The website reads: “Rachel Reeves wanted her Budget for Benefits Street so badly, she lied about the OBR’s forecasts. All so she could justify breaking her promise not to raise tax on working people. Labour’s lies are costing us more and more. Sign the petition to make Keir Starmer do the right thing and sack Rachel Reeves.”
On November 4, Ms Reeves had set the scene for the Budget with a Downing Street speech which suggested tax rises were needed to secure the UK’s economic future and poor productivity growth would have “consequences for the public finances” in terms of lower tax revenue.
But the letter from the OBR to the Treasury Select Committee of MPs appeared to suggest an improved tax take from growing wages and inflation meant that gap had diminished before she even made the speech.
Ben Zaranko, an economist at the Institute for Fiscal Studies think tank, questioned the rationale behind the briefings in the run-up to the Budget. He wrote on social media: “At no point in the process did the OBR have the Government missing its fiscal rules by a large margin. Leaves me baffled by the months of speculation and briefing.
“Was the plan to lead everyone to expect a big income tax rise, then surprise them on the day by not doing it..?”
At the Budget on Wednesday, Ms Reeves hiked taxes by £26billion, including by freezing thresholds on income tax. The tax hikes came in response to downgraded economic forecasts but also increased welfare spending because of the abolition of the two-child benefit cap and the Labour revolt over attempts to curb the benefits bill.
Ms Reeves also used some of the tax take to build herself a bigger buffer against her borrowing rules.
Mrs Badenoch posted on social media: “Yet more evidence, as if we needed it, that the Chancellor must be sacked.
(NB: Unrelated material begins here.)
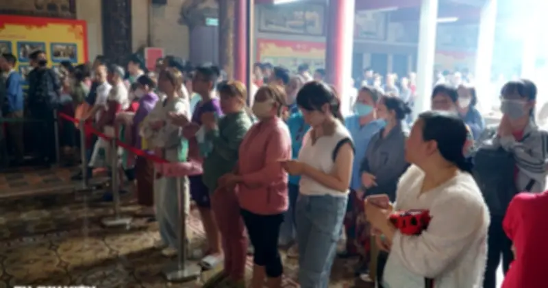 Ngay từ 7 giờ sáng, không khí tại Hội quán Tuệ Thành, thường được biết đến với tên gọi chùa Bà Thiên Hậu, đã trở nên nhộn nhịp khi hàng ngàn người dân từ khắp nơi đổ về để chờ đợi giờ xin ấn. Bên trong khuôn viên chùa, mọi người xếp thành nhiều hàng dài ngay ngắn, trên tay cầm những chiếc khăn và chấp tay khấn nguyện trong sự trang nghiêm.

For months Reeves has lied to the public to justify record tax hikes to pay for more welfare. Her Budget wasn’t about stability. It was about politics: bribing Labour MPs to save her own skin. Shameful.”
Shadow chancellor Sir Mel Stride called on Ms Reeves to resign. He said: “Rachel Reeves’ broken tax promises and the briefing debacle in the run-up to the Budget have had real consequences for our economy and for people across the country. The Chancellor must now do the right thing and step down.”